You should read the rest of the account. It includes a very telling incident when one YEC is confronted with his hypocrisy in being a YEC, but publishing papers saying the earth is old.
 

Agnostic75

Well-Known Member
LittleNipper said:
We have proof that Jesus existed, both religious and secular.

So what? We have proof that Nebuchadnezzar existed, but we do not have proof that he ate grass with cows as the Bible claims, nor do we have proof that Jesus performed miracles, certainly not secular proof.
 

tumbleweed41

Resident Liberal Hippie
RATE Research? You mean the 'Radioisotopes and the Age of The Earth' committee that combs the scientific literature and designs laboratory "experiments" that will somehow verify what they have already concluded, namely that Genesis is "The Truth" and geochronology is "wrong".
These so called "Scientists" actually allow an "observer" to ensure that their "science" does not conflict with the official party line. That is, a Hebrew language scholar will participate to make sure the RATE Group stays on course.
This is reminiscent of Stalins grip on scientists in the old USSR. Dictating what they must conclude.
Any research that must conform to predisposed conclusions, and discards or ignores any findings that conflict with with these conclusions is the worst type of bad science.

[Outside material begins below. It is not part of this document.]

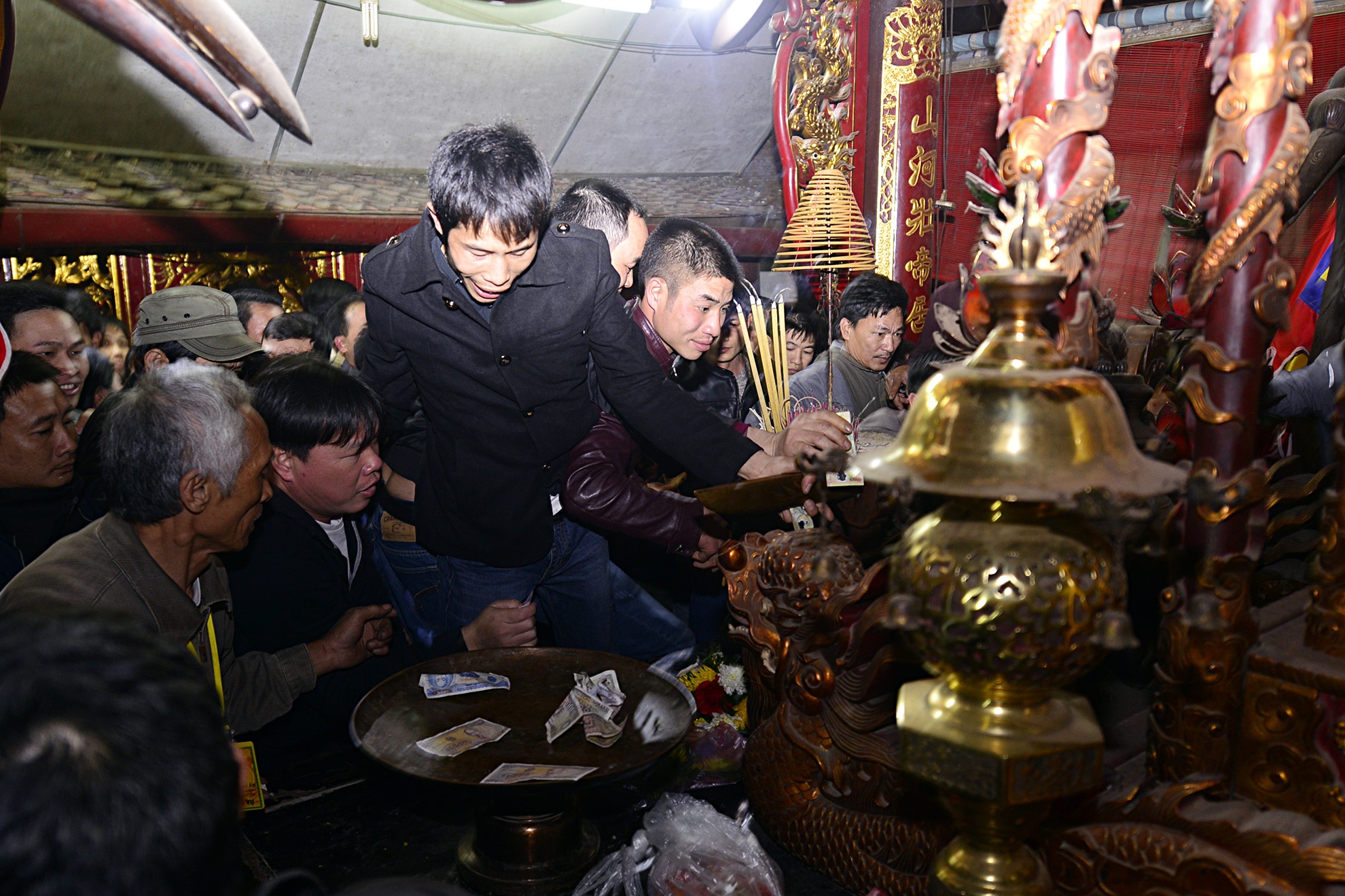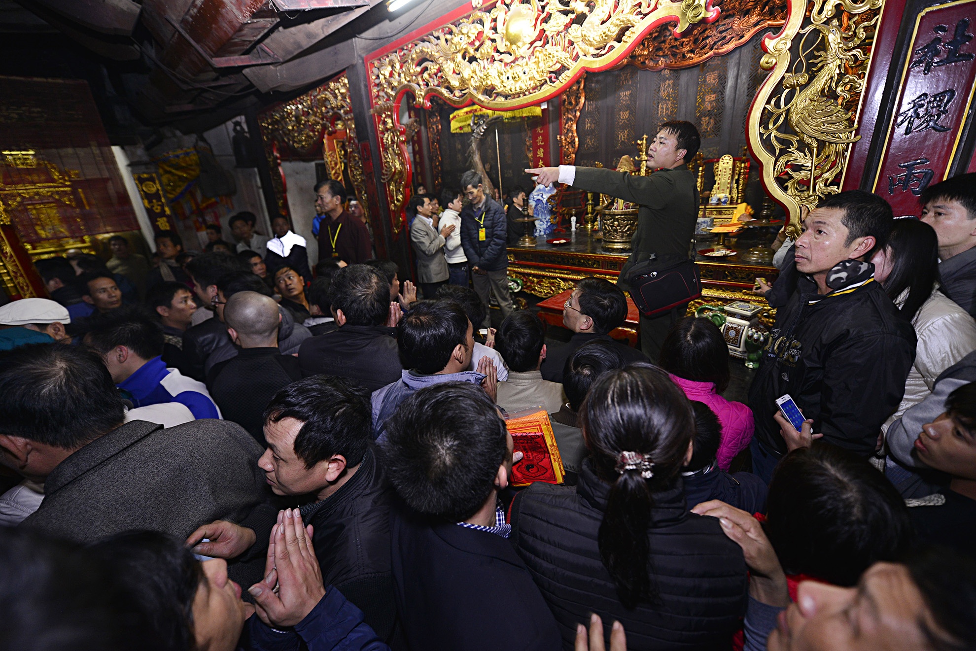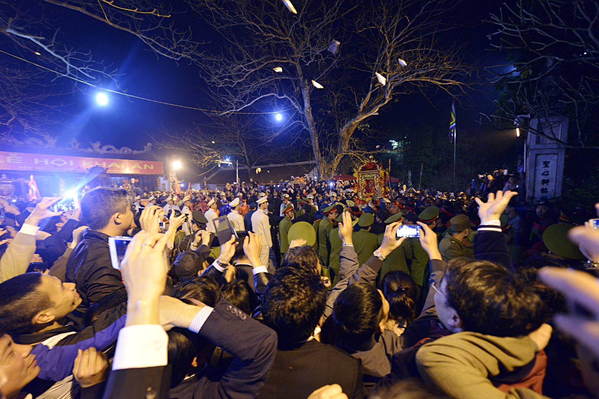 Người dân vứt tiền lẻ, xô đẩy để được chạm vào kiệu khi đoàn đi qua. Lực lượng chức năng phải dựng hàng rào sống, làm việc vất vả mới ngăn được sự rối loạn.

It is not unscientific to set up specific parameters and guidelines for an experiment. The fact that just the mention of Creation or Genesis shuts doors and limits publication would seem to smack more of Communism to me.

Do you ever even read what you are replying to?
By forcing research to conform to a predisposed conclusion and ignoring findings to the contrary, RATE has performed an abomination on science.
As for your "mention of Creation or Genesis" comment, an introduction of the supernatural into the natural sciences would have to be backed by overwhelming empirical evidence. Of which Creation "Science" has none.